The conference is the fruit of a two-year campaign by UN special envoy Jolie and Hague, who have visited the Democratic Republic of Congo and Bosnia to meet victims of rape during wars.

In her opening remarks to the End Sexual Violence in Conflict summit, Jolie said she and Hague had met a woman in Bosnia who was still too ashamed to tell her son that she had been raped. “This day is for her,” said Jolie. “We believe it truly is a summit like no other.”

In a speech greeted by rapturous applause, Jolie said: “We must send a message around the world that there is no disgrace in being a survivor of sexual violence, that the shame is on the aggressor.”

She said it is a “myth” that rape was inevitable in war. “There is nothing inevitable about it — it is a weapon of war aimed at civilians. It has nothing to do with sex, everything to do with power,” the A Mighty Heart star said.

Jolie said she had met rape survivors in countries including Afghanistan and Somalia, and they are “just like us, with one crucial difference”. “We live in safe countries with doctors we can go to when we’re hurt, police we can turn to when we’re wronged, and institutions that protect us,” she said. “They live in refugee camps, on bombed-out streets, in areas where there is no law, no protection, and not even the hope of justice.”
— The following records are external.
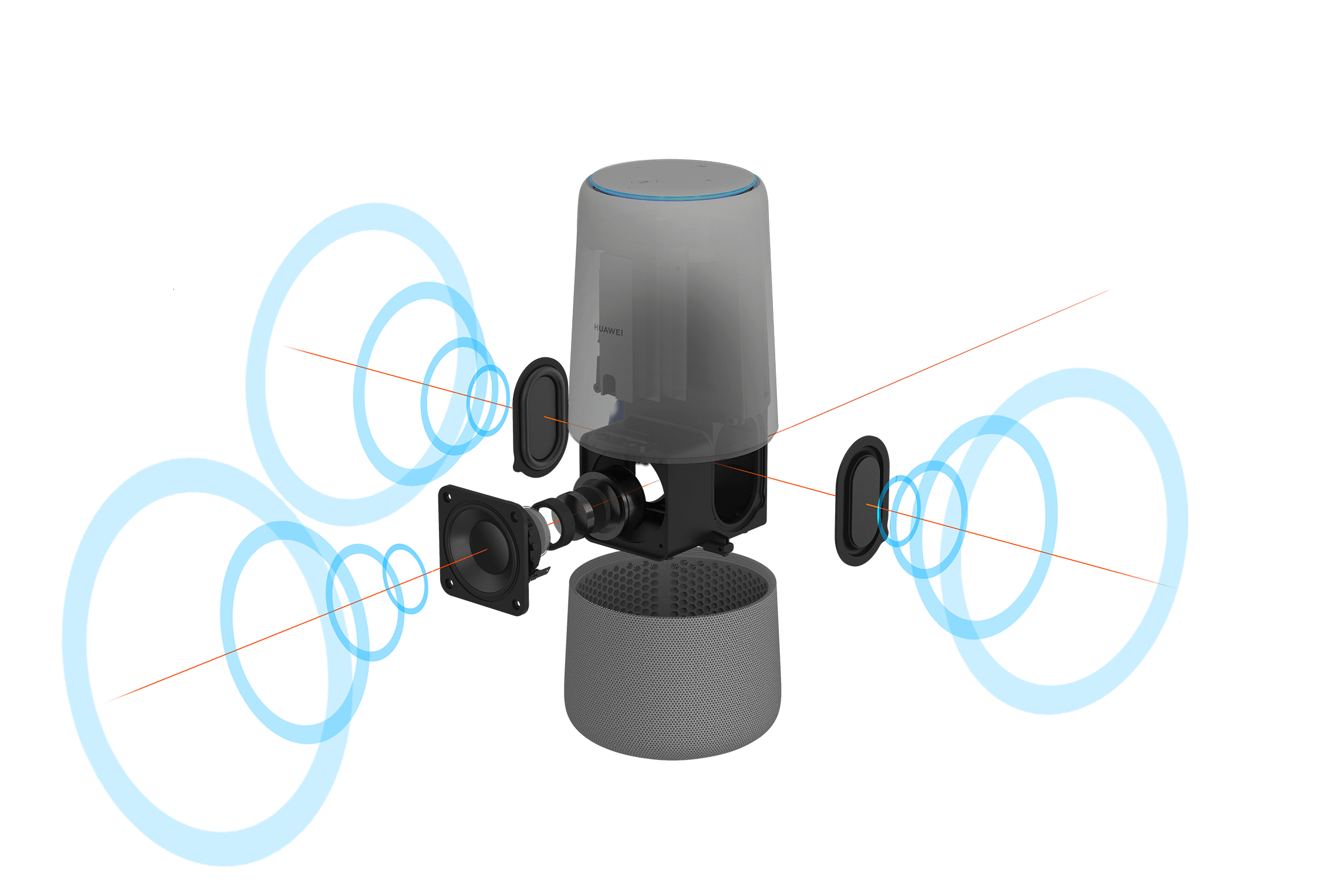 Από την άποψη της απόδοσης των ηχείων, το HUAWEI AI Cube είναι κατασκευασμένο με μια μεγάλη, ηχητική κοιλότητα 400ml και ένα διάφραγμα αλουμινίου, επιτρέποντας στο ηχείο AI να παράγει υψηλής ποιότητας ήχο με κρυστάλλινα μεσαία και υψηλά επίπεδα, καθώς και πλήρη, δυναμικά μπάσα. Ο ήχος βελτιώνεται επίσης με την τεχνολογία βελτιστοποίησης ήχου της Huawei: HUAWEI Histen. Το HUAWEI Histen εμπλουτίζει το σύνολο των χαρακτηριστικών του ομιλητή AI, συμπεριλαμβανομένων των εικονικών μπάσων (virtual bass), του ισοσταθμιστή γραμμικής φάσης (linear phase equalizer), του προσαρμοστικού ελέγχου gain (adaptive gain control), της φωνητικής αναγνώρισης σε μεγάλη απόσταση και πολλών άλλων, ως μέρος του ρεπερτορίου του.
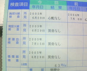『異常なし』が並んでる中でひとつだけ『心配なし』が・・・・・。
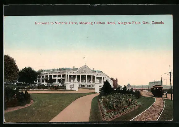 AK Niagara Falls /Ont., Entrance to Victoria Park showing Clifton Hotel
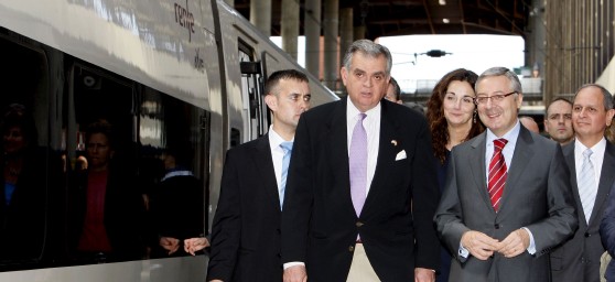José Blanco, que viajó hoy de Madrid a Zaragoza en un Talgo 102 acompañado de al
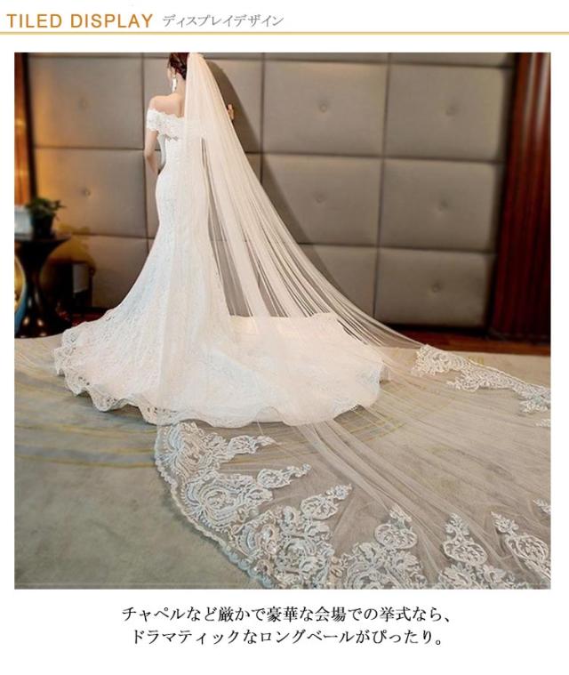 | 贅沢なレース×刺?のウエディングベール【3m】【2層?ダウン可能】 チャペルなど厳かで豪華な会場での挙式なら、ドラマティックなロングベールがぴったり。 肌触りの良い柔らかなソフトチュールを使用しました。 ボリュームがあるのに重くならず、軽やかにお召し頂けます。 2層式でベールダウンが可能のタイプでございます。 色味はなじみがよく様々なドレスに合わせやすホワイト。 おすすめシーン:花嫁様の挙式に!二次会ドレスや花嫁ウェディングドレスにパーティーで着用して♪ | |
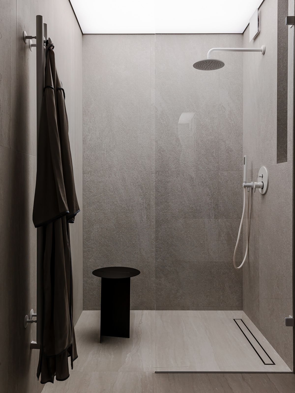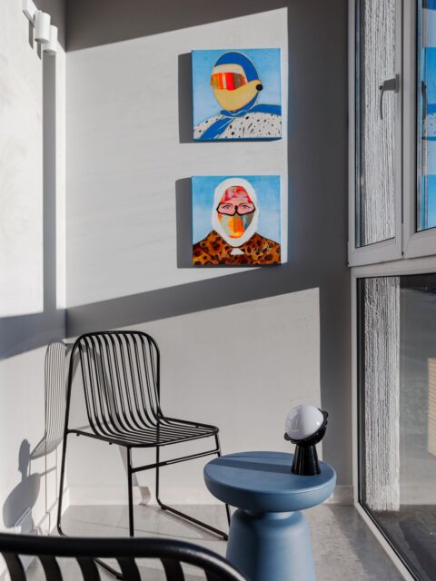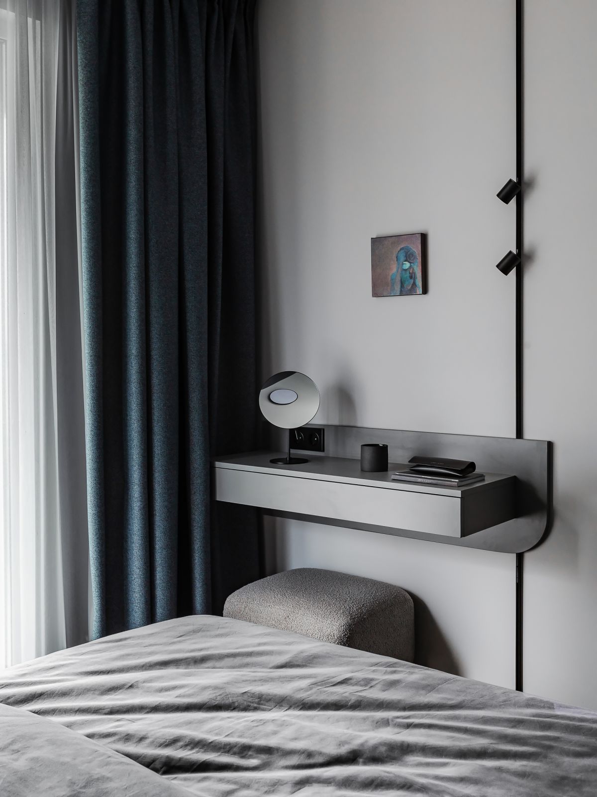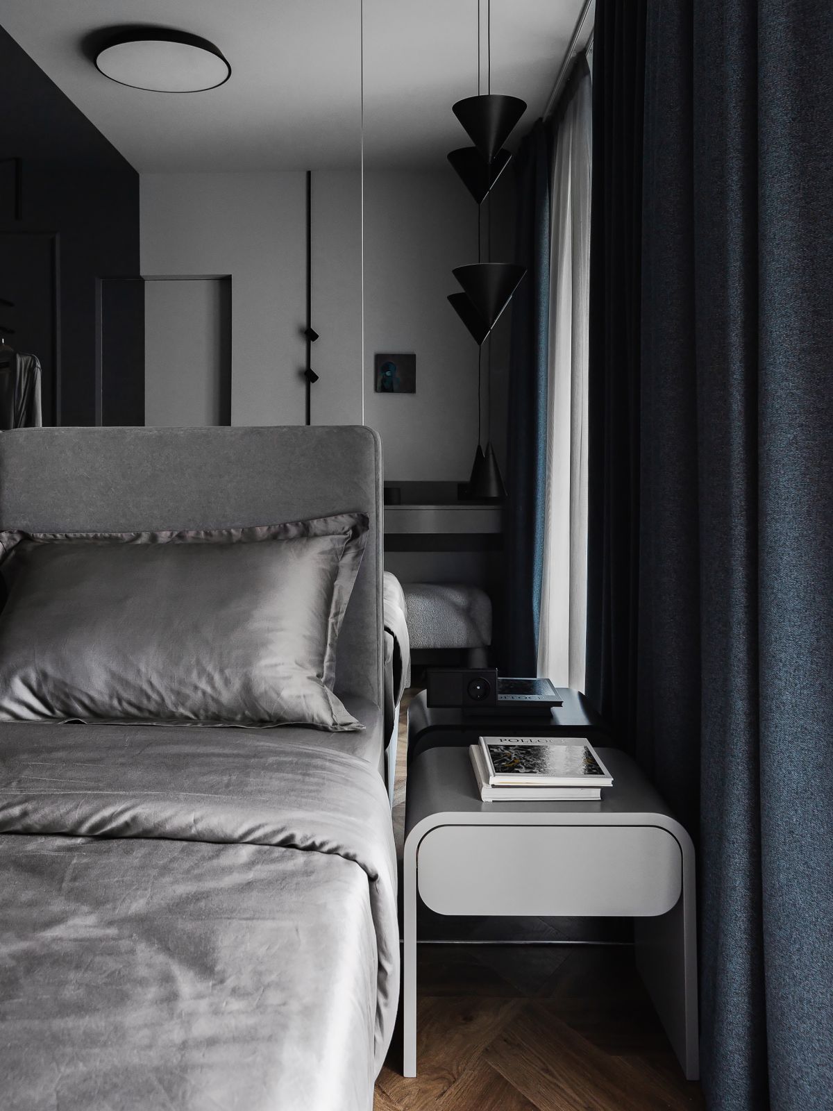 Вся квартира выполнена в холодных серых оттенках, в качестве цветового акцента у нас добавлены оттенки голубого и синего. Для того что бы скрыть углы и не рубить пространство острыми и грубыми прямоугольниками, в мебели и стенах мы добавили скругленные формы. В этой геометрии можно увидеть аккуратные отсылки к стилю Мемфис, которые поддерживаются формой декоративной стены, авторского комода, журнальных столиков и узора на ковре.
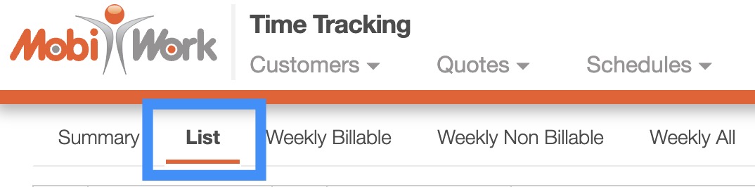 The Time Tracking "List" tab is one of the tabs that can be found on the Time Tracking feature page; from this page you can see all the hours that your users worked on one page.
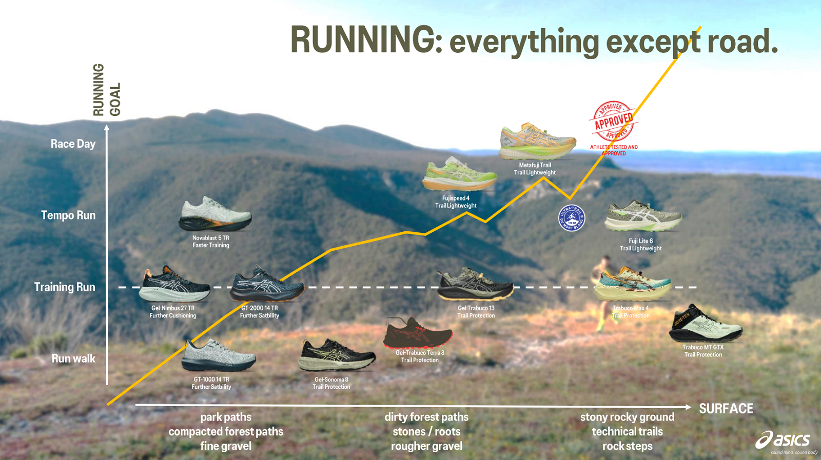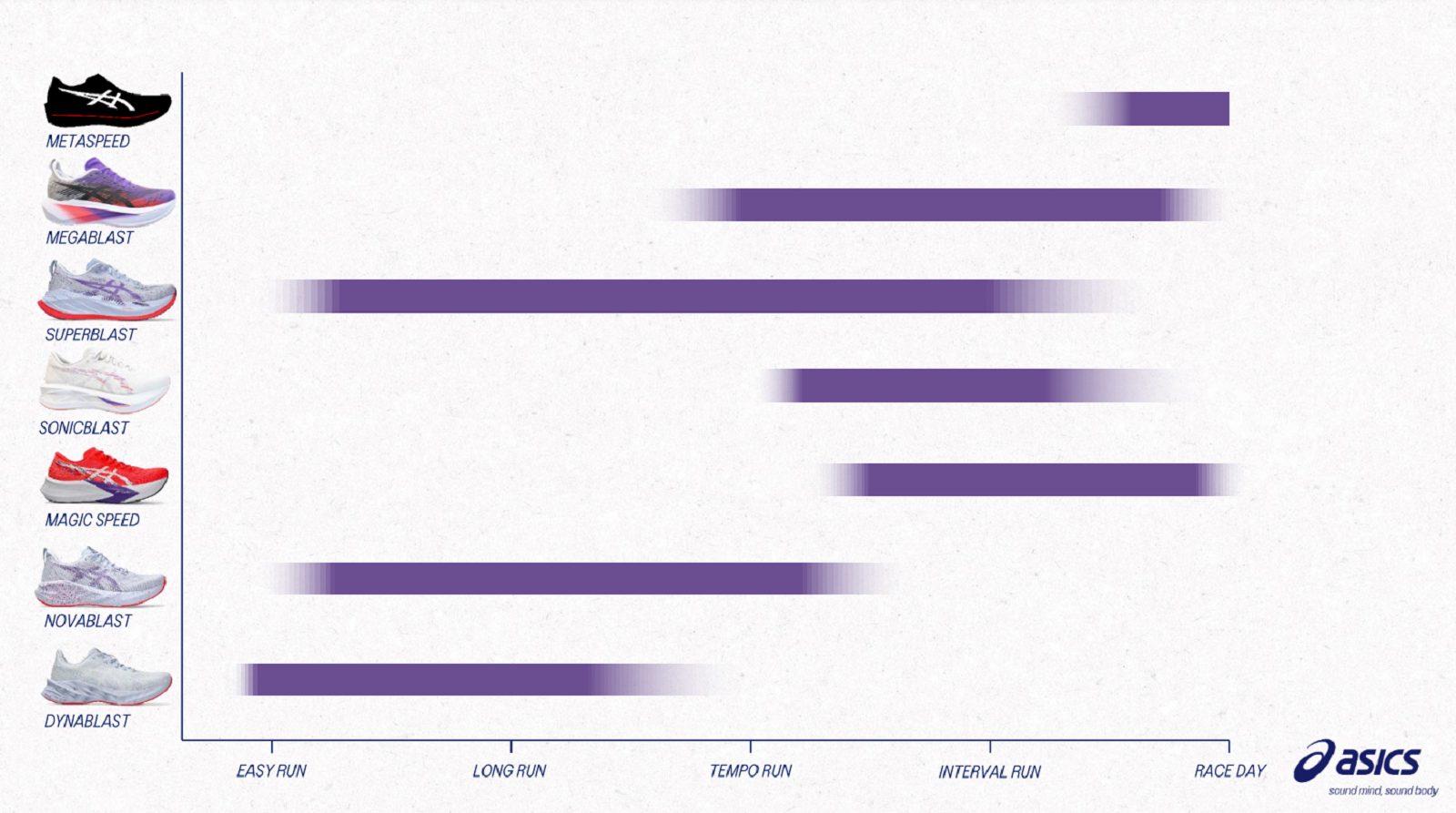 Běžecké vybavení Asics poskytuje svým příznivcům nový přístup k základům běhání. Asics Gel je odpružení tlumící otřesy vznikající při běhu. Inovativní řada Asics Natural Running přináší návrat k přirozenému, minimalistickému běhu.

Jolie said the international community needs to work to make “justice the norm”. She called for the prevention of rape in conflict to be incorporated into the training of all armies, peacekeeping troops and police forces. “This whole subject has been taboo for far too long,” she said.

Jolie said the stigma causes survivors to suffer feelings of “shame” and “worthlessness”. “It feeds ignorance, such as the notion that rape has anything to do with normal sexual impulses,” she said. “But most of all it allows the rapist to get away with it. They feel above the law because the law rarely touches them and society tolerates them.”

Hague announced that Britain will pledge a further £6m ($10m) to help survivors of sexual violence in conflict.

US Secretary of State John Kerry, who will attend the conference on Friday, said delegates from 117 countries wanted to “relegate sexual violence to the annals of history”. The summit includes 150 events open to the public in what the organisers hope will be a giant exercise in raising awareness.

Almost 150 governments have endorsed a declaration of commitment to end sexual violence in conflict. Organisers also want to increase and improve the documentation of rape in war zones to allow more prosecutions to be brought.

Liesl Gerntholtz, of Human Rights Watch, said that while most victims were women and girls, “there’s an emerging body of research and documentation that certainly shows that men have been targeted”. 

Today, Hague and Jolie will launch an international protocol of proposals. On the sidelines of the summit, Hague will chair a ministerial meeting on security in northern Nigeria in the wake of the kidnap of hundreds of schoolgirls by the Al-Qaeda-linked Boko Haram movement.